- O espaço compacto antes do zero funciona como zona de sacrifício, protegendo o ponto de referência e mantendo a precisão mesmo com desgaste na borda.
- A borda da régua é a parte mais vulnerável; com uso, pode sofrer desgaste, lascas ou arredondamento que afetam o ponto de apoio da medição.
- Se o zero estivesse exatamente na borda, danos mínimos deslocariam o ponto de referência, tornando as medições imprecisas ao longo da escala.
- Ao deixar esse espaço em branco, a régua preserva o zero e toda a escala, mesmo que a extremidade sofra danos.
- O princípio aparece também em outros instrumentos de precisão, como paquímetros e trenas, e facilita a fabricação ao tolerar variações de corte e impressão; réguas que começam em zero costumam ser mais robustas e comuns em desenho técnico.
O espaço pequeno antes do zero nas réguas funciona como uma zona de sacrifício. Ele protege o ponto de referência e ajuda a manter a precisão das medições, mesmo com desgaste ao longo do tempo.
A borda física da régua é a parte mais vulnerável do instrumento. Com uso diário, pode sofrer desgaste, lascas, amassados ou arredondamento, o que influencia o posicionamento da régua na hora de medir.

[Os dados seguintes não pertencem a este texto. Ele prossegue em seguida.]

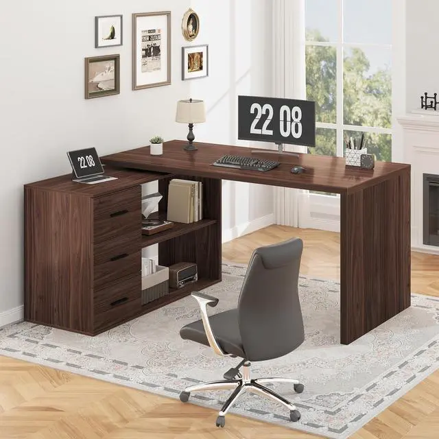 Keep Clutter out of Sight and out of Mind: The 2 tier open long shelves of the walnut l shape desk provide a place for essential office supplies at arms reach, while the 3 drawers let you tuck away anything from loose odds and ends to important files. The 360 rotating l shaped computer desk with drawers utilize maximally of your home office space and provide enough storage space.

Se o zero estivesse exatamente na borda, danos mínimos deslocariam o ponto de referência e tornariam as leituras imprecisas ao longo da escala, ainda que o restante da régua estivesse preservado.
Ao deixar um pequeno espaço em branco antes do zero, a régua ganha uma área de tolerância: a extremidade pode se danificar, mas o marco do zero permanece estável, mantendo a confiabilidade das medições.

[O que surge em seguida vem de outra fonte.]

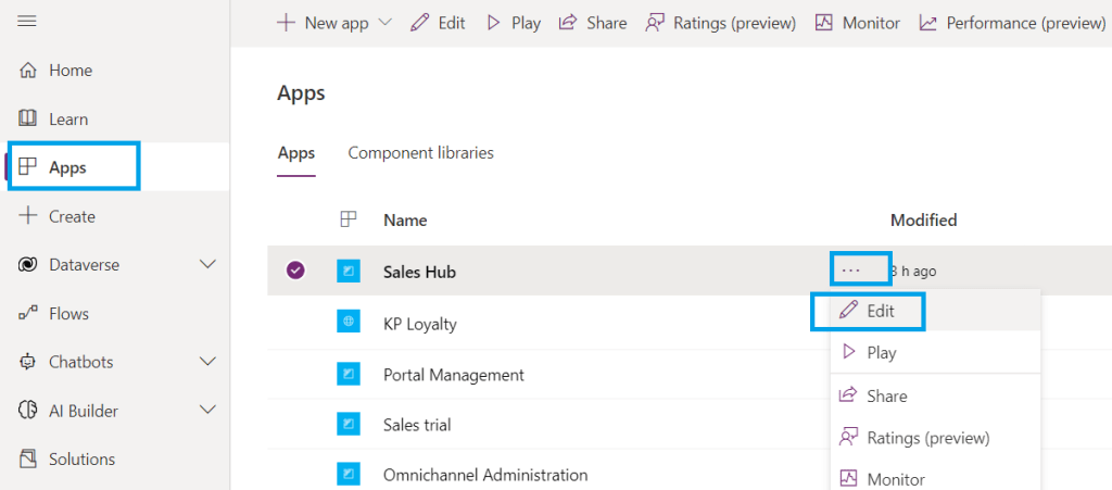 After that you will get a new interface in which you have to select the three dots of the entity where the command button you to added Click on edit Command bar:
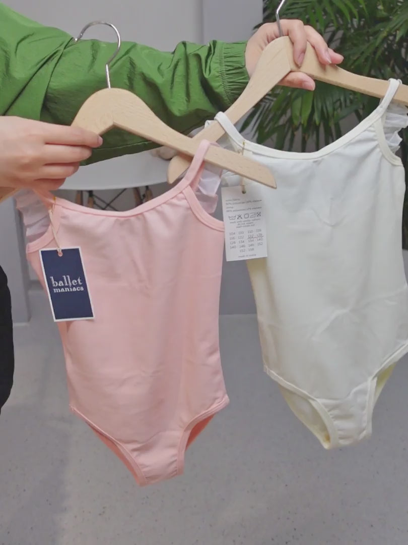 Girls Pink Doll Ruched Leotard And Wide Straps

Esse princípio não é exclusivo das réguas e aparece em outros instrumentos de precisão, como paquímetros e trenas. Além de aumentar a durabilidade, o espaço facilita a fabricação em massa, aceitando pequenas variações de corte e impressão.
Há réguas que começam no zero, mas, em geral, são mais robustas e têm acabamento mais preciso. São comuns em desenho técnico e em instrumentos profissionais.